Last week, the New York Times published an article titled, “A County Resents Oil Drilling, Despite the Money It Brings In.”  The author featured Glasscock County, Texas and, in particular, cotton farmer Dennis Seidenberger.  The article did an excellent job at highlighting the hardships facing surface owners, who do not own any portion of the mineral estate underlying their land, in Texas.

Under Texas law, ownership of the surface of the land and the minerals underlying the land may be severed.  This means that oftentimes, one person owns the surface of the land and uses that land for farming or ranching, while another person owns the minerals underlying the property.  Importantly, when this occurs, the mineral estate is considered dominant over the surface estate.  This means that, absent an agreement to the contrary, the owner of the mineral estate–or the oil and gas company to whom the mineral owner leased the rights–has the automatic right, generally speaking, to use as much of the surface estate as is reasonably necessary to produce the minerals, without permission from or payment to the surface owner.  For example, absent any contrary language in the lease or a surface use agreement, an oil and gas company leasing the mineral rights can place a drilling pad in the middle of a farmers field, has the right to construct roads, frack ponds, gathering lines, and even disposal wells.  Further, because substances like caliche, gravel, sand, and groundwater are considered part of the surface estate–of which the mineral lessee has the right to use as much as is reasonably necessary–that means that an oil and gas company has the right to use these substances to produce the minerals underlying the land without consent or compensation to the surface owner.

This dominant mineral estate policy imposes a great, and often unexpected and unknown, burden on surface owners, despite the fact that they receive none of the benefits from the mineral lease, such as royalty payments or bonus payments.

Don't Get FrustratedWhat Can Surface Owners Do?

As explained above, the general rule allowing a mineral owner the automatic right to use as much of the surface as is reasonably  necessary applies absent an agreement between the parties modifying that rule.  In order to protect themselves, surface owners should seek to negotiate contractual protections for themselves and their property with the mineral owner/lessee.  If the surface owner also owns some portion of the minerals, he or she should ensure that terms related to protection of the surface be included in the oil and gas lease.

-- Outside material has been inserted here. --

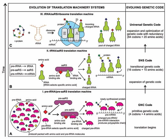 - Kunnev, D.; Gospodinov, A. Possible emergence of sequence specific RNA aminoacylation via peptide intermediary to initiate Darwinian evolution and code through origin of life. Life 2018, 8, 44. [Google Scholar] [CrossRef] [PubMed] [Green Version]

For surface owners who do not own any portion of the minerals–approximately 1/3 – 2/3 of all Texas farmers–the best thing to do is to seek a surface use agreement with the oil and gas company leasing the minerals.  Although the companies are under no obligation to sign such an agreement in Texas, many times they are willing to do so in order to maintain good relations with the surface owners and avoid issues each time they enter the lease.  The surface owner should seek as many protections as possible, including payment for damages to the surface estate, compensation for the construction of roads and drilling pads, and payment for the use of groundwater.  As explained above, however, landowners are often not in a great bargaining position because, under Texas Law, there is no requirement that the company pay any such damages or compensation or enter into a surface use agreement.

What Terms Should Surface Owners Seek?

Surface owners negotiating with oil and gas companies, whether in the context of an oil and gas lease or a surface use agreement, should seek to ensure protection for their land and operation.

The following list is certainly not exhaustive, but it provides surface owners with some of the key terms to consider in negotiating a surface use agreement.  I hope to complete a detailed checklist of terms to consider in the next few months.

  • Compensation for damage to farmland/pasture land from roads, gathering lines, drill pads, etc.
  • Identify certain locations (i.e. in a center pivot circle) where facilities (i.e. drilling pads, compressor stations) may not be placed.
  • Require compensation for construction of roads, drilling pads, and other facilities.
  • Identify specific points of ingress and egress to prevent employees from traversing all over the property.
  • Set specific set-back distances prohibiting drilling of wells near existing structures.
  • Require fencing around drilling equipment in order to keep livestock from access to poisonous substances.
  • Require lining of all pits and ponds to prevent leakage or seepage.
  • Require lessee to comply with all applicable laws, statutes, ordinances and regulations.
  • Prohibit the drilling of disposal wells on the property.
  • Prohibit employees from hunting, fishing, or any other recreational use of the property.
  • Prohibit the free use of surface substances including groundwater, caliche, gravel, and sand; require consent by and payment to the surface owner.
  • Limit the right to install pipelines to gathering lines for product from the lease, not larger transportation lines that may carry other product.
  • Require restoration of land at the completion of drilling and at the completion of the lease.

Given the importance and complexity of these issues, I highly recommend that any landowner seeking to negotiate with an oil and gas company seek counsel from an experienced oil and gas attorney.  Although attorneys can be expensive, it will save landowners a lot of headache, hassle, time, and money in the future if a legal dispute is avoided by a well-drafted agreement.